Corpses turn up in New Orleans all the time. But when they've been drained of their blood by an African vampire, a wazimamoto — well, the Big Easy's already-sky-high homicide rate has acquired an ultra-sinister new twist. A devoted young doctor vows to vanquish the supernatural sucker in Jewell Parker Rhodes' new novel Yellow Moon, the third thriller in a series that began with 1995's Voodoo Dreams and continued with 2006's Voodoo Season. All three delve into the iconic figure of Marie Laveau, legendary Creole voodoo queen of the French Quarter. In the new book, she appears as Dr. Marie Laveau, a modern-day physician with otherworldly powers to complement her surgical skills.

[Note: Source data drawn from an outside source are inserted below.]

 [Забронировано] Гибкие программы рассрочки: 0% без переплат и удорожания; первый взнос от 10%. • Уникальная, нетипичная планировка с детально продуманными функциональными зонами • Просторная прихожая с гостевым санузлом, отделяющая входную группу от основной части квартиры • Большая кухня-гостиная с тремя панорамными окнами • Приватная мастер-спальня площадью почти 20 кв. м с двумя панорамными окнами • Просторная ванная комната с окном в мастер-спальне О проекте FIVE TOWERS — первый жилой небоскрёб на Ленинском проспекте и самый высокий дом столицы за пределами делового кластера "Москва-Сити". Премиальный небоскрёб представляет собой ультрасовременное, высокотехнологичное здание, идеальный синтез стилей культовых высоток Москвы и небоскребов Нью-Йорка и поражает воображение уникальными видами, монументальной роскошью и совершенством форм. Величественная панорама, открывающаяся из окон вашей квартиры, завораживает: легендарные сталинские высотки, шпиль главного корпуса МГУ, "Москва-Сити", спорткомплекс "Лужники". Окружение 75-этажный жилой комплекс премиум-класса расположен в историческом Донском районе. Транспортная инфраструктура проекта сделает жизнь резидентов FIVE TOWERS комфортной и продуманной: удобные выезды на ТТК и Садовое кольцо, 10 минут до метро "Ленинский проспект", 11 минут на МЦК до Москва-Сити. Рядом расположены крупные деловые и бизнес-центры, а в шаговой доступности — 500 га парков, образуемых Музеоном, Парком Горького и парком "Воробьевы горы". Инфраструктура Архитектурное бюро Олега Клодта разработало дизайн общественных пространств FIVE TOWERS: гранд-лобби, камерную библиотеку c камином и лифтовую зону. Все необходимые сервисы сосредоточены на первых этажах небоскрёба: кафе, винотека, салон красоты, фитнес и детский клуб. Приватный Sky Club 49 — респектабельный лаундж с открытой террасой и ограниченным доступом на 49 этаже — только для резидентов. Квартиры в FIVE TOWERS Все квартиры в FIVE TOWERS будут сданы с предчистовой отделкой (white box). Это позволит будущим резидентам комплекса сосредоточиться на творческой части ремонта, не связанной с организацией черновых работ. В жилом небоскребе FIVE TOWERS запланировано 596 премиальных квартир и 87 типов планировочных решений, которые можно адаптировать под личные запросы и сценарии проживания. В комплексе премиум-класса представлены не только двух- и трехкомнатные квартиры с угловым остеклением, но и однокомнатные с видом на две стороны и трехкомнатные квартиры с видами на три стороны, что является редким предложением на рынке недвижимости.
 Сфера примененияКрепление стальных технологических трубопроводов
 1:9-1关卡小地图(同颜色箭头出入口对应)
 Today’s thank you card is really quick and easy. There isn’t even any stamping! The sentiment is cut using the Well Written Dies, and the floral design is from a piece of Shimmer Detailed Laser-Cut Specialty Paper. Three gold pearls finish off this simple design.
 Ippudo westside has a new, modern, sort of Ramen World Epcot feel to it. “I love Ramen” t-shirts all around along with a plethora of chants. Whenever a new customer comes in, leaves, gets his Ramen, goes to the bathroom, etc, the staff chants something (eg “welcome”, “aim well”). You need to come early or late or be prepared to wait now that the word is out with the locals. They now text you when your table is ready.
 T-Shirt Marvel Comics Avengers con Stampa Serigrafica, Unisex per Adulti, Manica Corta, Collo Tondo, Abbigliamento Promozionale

"Every time I write a novel, I wonder whether readers will like my baby," the author ponders on her blog. "A writer can spend months, years working on a book — be absolutely in love with a project — but it has only a half-life until the connection is made with readers. Sometimes, I wish I could be a fly in the room as readers read my work." Rhodes, who will discuss the novel at Books Inc. (1344 Park St., Alameda) on October 14, finds herself drawn again and again to multigenerational stories of women. Partly it's because "my mother abandoned me when I was an infant and my father and grandmother raised me. My father was gone for long hours, working as a butcher. ... But Grandmother loved stories — told dozens of them." And through her stories, "we escaped, disappearing into worlds where we weren't poor, ill, and beset by racism and life's problems. ... She gave me my profession, but perhaps more importantly, she gave me a coping mechanism." Set in the 19th century, the trilogy's first book, Voodoo Dreams, features a former slave who brings her granddaughter to New Orleans, where sensual temptations mingle with cruelty at the hands of men. The fictional Marie at the heart of that book, and her successors in the subsequent books, draw upon the real-life Marie Laveau, about whom little is known but to whom many a magical feat was attributed before her death in 1881.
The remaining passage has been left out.